Nothing but the lines below from the first through the one with "Soynaara (à direita" should appear, printed exactly; please leave pictures out.

•••••

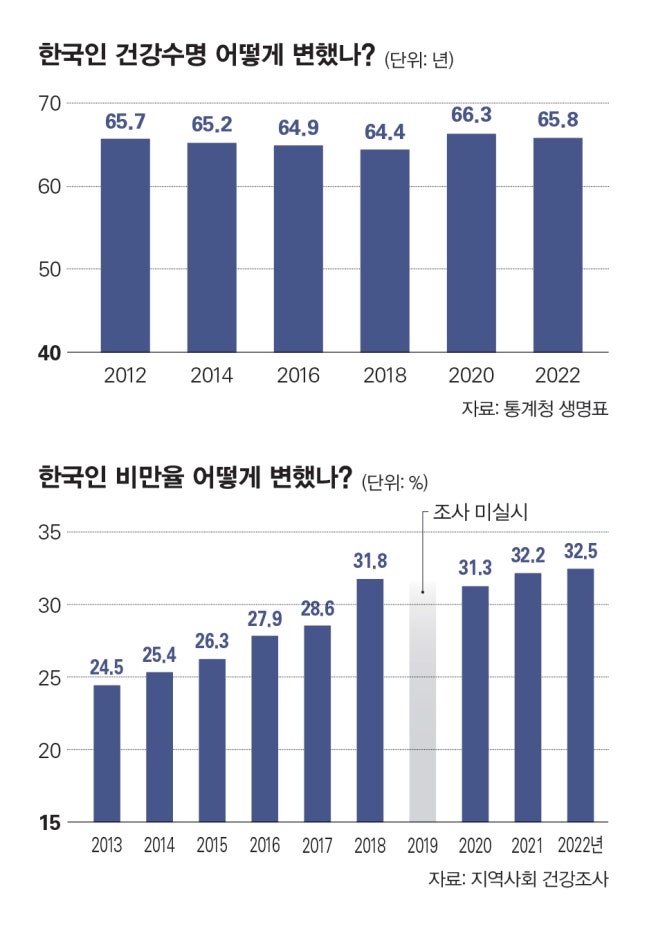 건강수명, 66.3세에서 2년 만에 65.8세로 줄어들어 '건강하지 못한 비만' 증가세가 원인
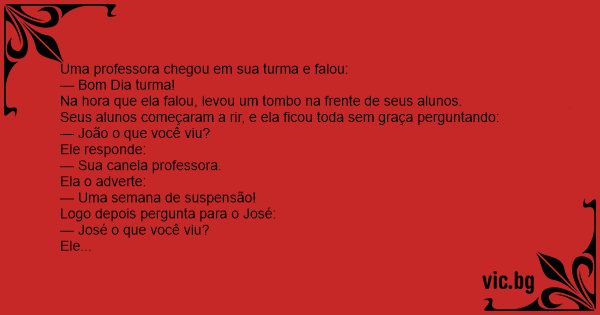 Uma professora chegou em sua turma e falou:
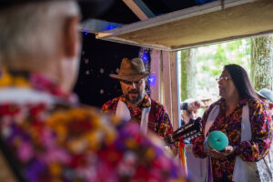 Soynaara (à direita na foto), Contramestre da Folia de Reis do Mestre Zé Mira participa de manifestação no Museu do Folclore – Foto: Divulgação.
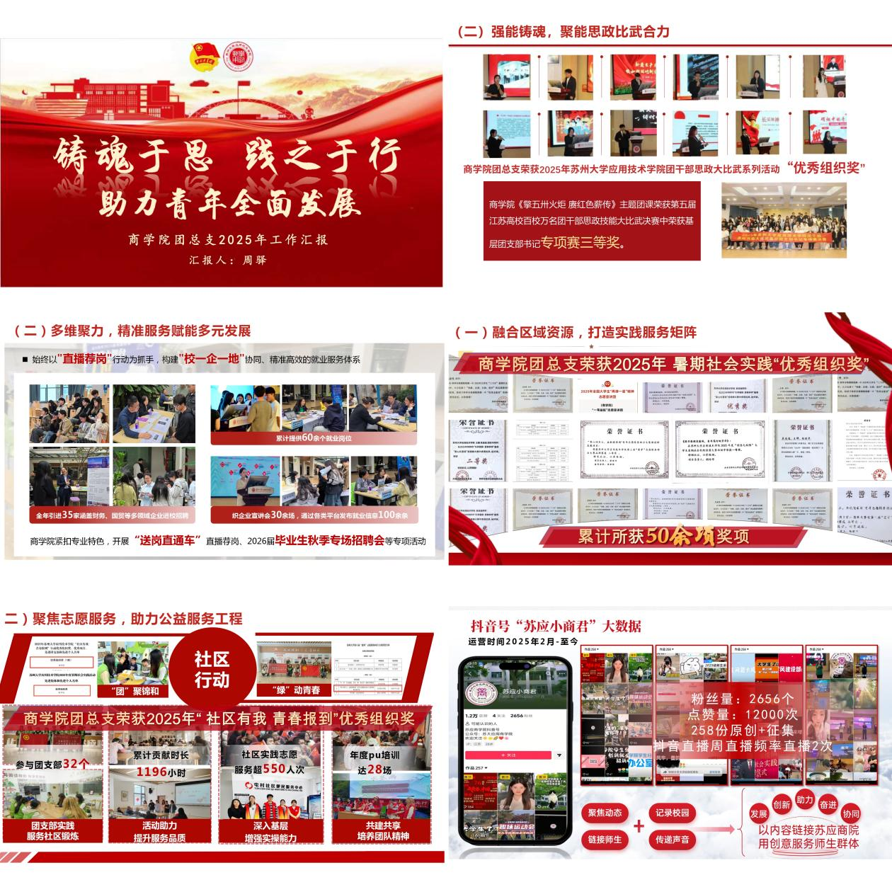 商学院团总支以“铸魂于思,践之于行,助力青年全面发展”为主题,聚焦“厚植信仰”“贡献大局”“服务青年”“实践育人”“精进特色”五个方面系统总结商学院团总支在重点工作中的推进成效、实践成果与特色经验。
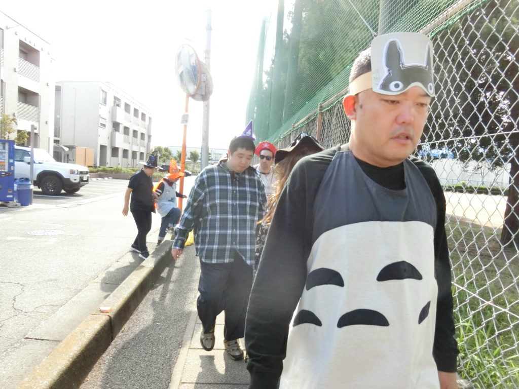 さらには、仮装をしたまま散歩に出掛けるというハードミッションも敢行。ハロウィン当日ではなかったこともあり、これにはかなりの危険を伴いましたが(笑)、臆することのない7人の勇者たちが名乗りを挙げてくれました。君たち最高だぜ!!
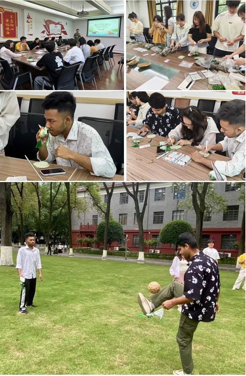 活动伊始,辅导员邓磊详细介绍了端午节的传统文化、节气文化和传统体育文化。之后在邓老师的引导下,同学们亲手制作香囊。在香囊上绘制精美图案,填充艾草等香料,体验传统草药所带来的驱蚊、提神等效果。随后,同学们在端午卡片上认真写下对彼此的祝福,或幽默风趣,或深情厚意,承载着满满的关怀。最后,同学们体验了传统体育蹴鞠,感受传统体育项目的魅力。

•••••

◆ Solution to the problem ◆
 건강수명, 66.3세에서 2년 만에 65.8세로 줄어들어 '건강하지 못한 비만' 증가세가 원인
 Uma professora chegou em sua turma e falou:
 Soynaara (à direita na foto), Contramestre da Folia de Reis do Mestre Zé Mira participa de manifestação no Museu do Folclore – Foto: Divulgação.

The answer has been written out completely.